Bishop N.T. Wright, Anglican bishop, New Testament scholar, and perhaps the leading authority today on this subject of life after heaven, has done much to remind us of the importance of the Resurrection of the dead on the last day. Bishop Wright compares our future selves, after the resurrection of the dead, to our current selves in a helpful way.
He comments that sometimes when we visit a friend or relative in hospital we say that “they were a shadow of their old selves.” Wright tells us that we are currently “a shadow of our future selves,” meaning we will become fully as God intended on that future day (to hear directly from N.T. Wright on this subject click here, to check out his book on this subject, click here).
Our hope for life after death as Christians is life after heaven, the resurrected life.  Christian belief about the final things: death, judgment, heaven and hell, have vast implications for our lives right now. Since Christ will return we must always be prepared for his arrival.

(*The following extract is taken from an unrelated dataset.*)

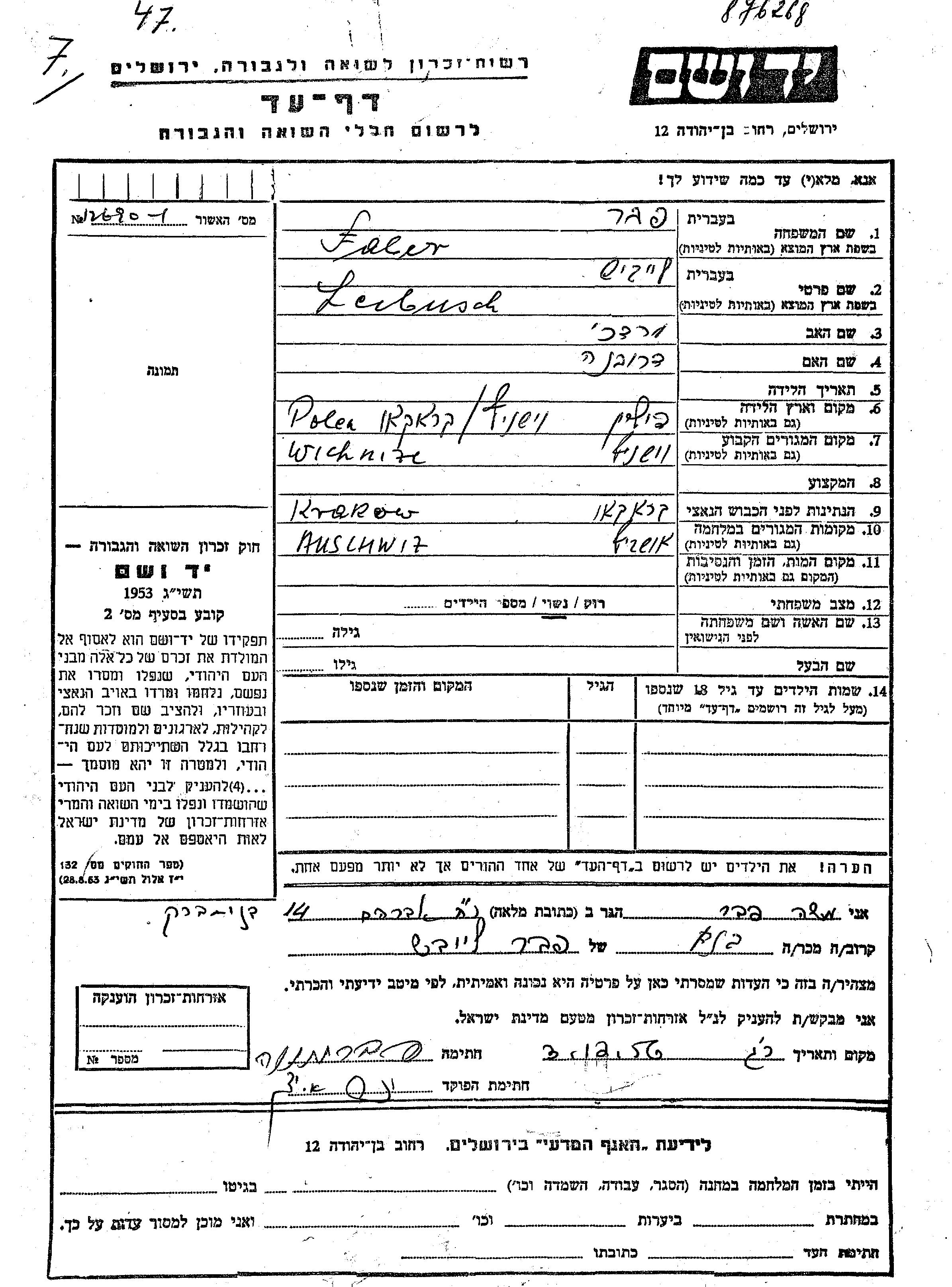 Leibusch Faber wurde in Wisnicz, Polen geboren. Er war der Sohn von Mordekhai und Drobna. Er war Verheiratet. Vor dem Zweiten Weltkrieg lebte er in Wisnicz, Polen. Während des Krieges war er in Krakow, Polen.

Since Christ will create a new heavens and a new earth at the end of time we must get busy working with God to re-deem our world, because God will create the new world out of the old. All that we do in this life, whether we are saving the environment or saving souls will be included in the new creation. This should be a great encouragement, because this means that all of life has a double-meaning, both for the present, and for the future life to come.